GIVEN MATERIAL:
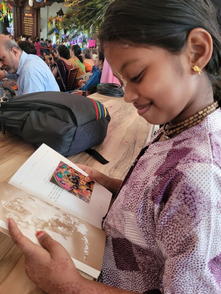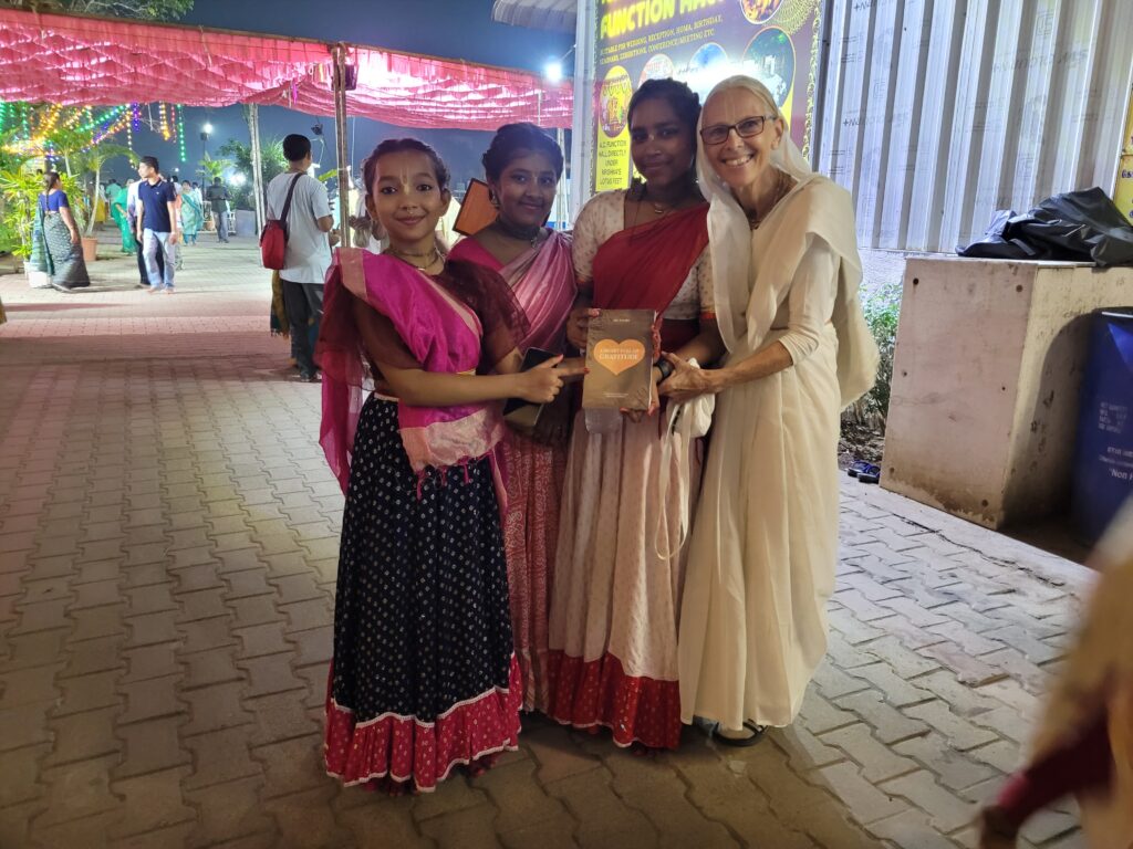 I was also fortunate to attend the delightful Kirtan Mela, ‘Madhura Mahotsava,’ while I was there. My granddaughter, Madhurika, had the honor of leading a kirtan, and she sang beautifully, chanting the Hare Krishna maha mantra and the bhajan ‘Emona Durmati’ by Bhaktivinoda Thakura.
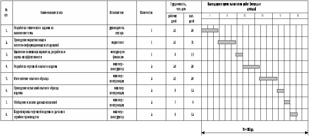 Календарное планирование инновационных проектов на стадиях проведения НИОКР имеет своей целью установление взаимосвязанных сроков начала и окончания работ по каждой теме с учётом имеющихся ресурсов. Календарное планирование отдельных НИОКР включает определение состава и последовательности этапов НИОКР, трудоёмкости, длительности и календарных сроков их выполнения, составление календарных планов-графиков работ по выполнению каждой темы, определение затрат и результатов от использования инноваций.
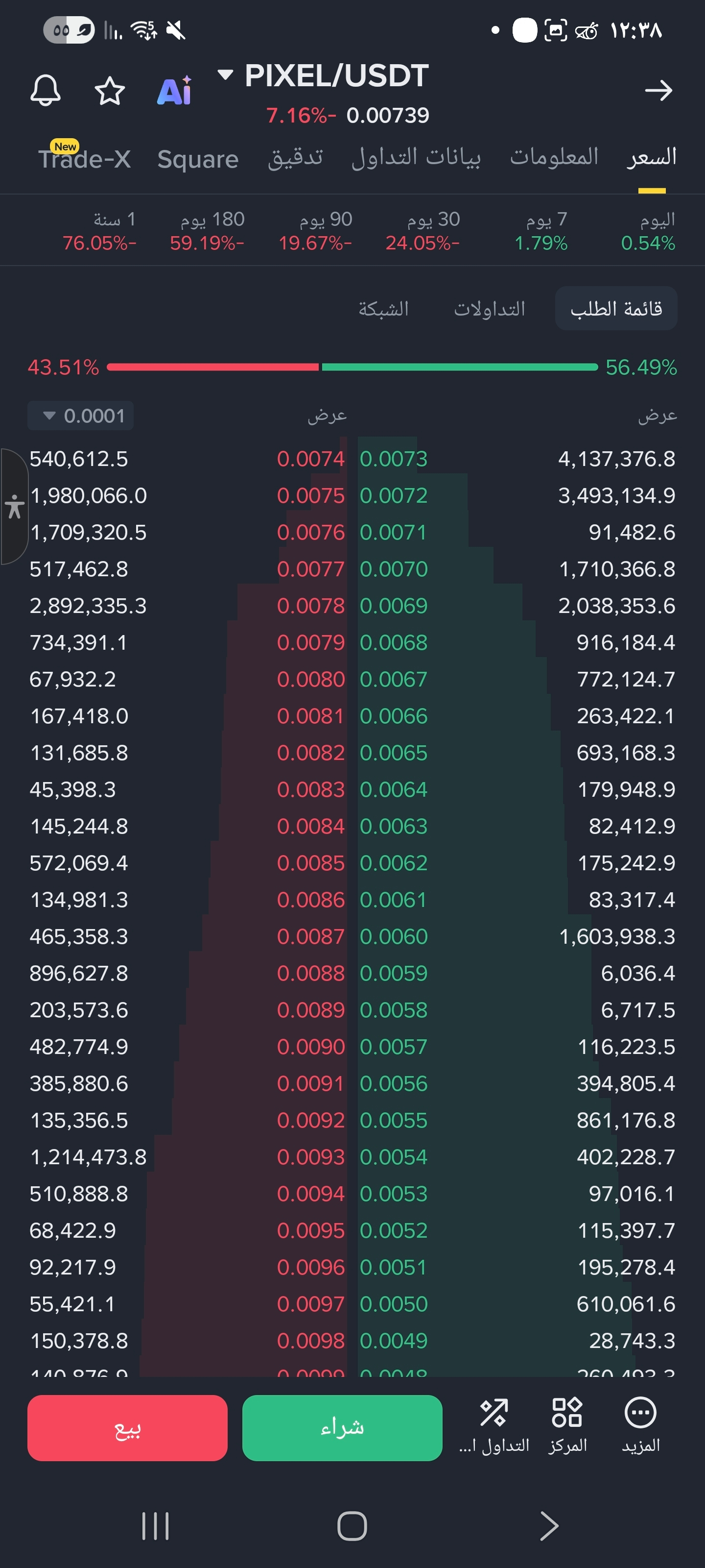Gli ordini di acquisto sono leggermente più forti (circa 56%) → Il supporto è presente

TASK GOAL:
Exactly the lines from the line that contains "Календарное планирование инновационных" through the last line above, and no other lines, must be output, with pictures excluded.

OUTPUT FOR THIS TASK:
 Календарное планирование инновационных проектов на стадиях проведения НИОКР имеет своей целью установление взаимосвязанных сроков начала и окончания работ по каждой теме с учётом имеющихся ресурсов. Календарное планирование отдельных НИОКР включает определение состава и последовательности этапов НИОКР, трудоёмкости, длительности и календарных сроков их выполнения, составление календарных планов-графиков работ по выполнению каждой темы, определение затрат и результатов от использования инноваций.
Gli ordini di acquisto sono leggermente più forti (circa 56%) → Il supporto è presente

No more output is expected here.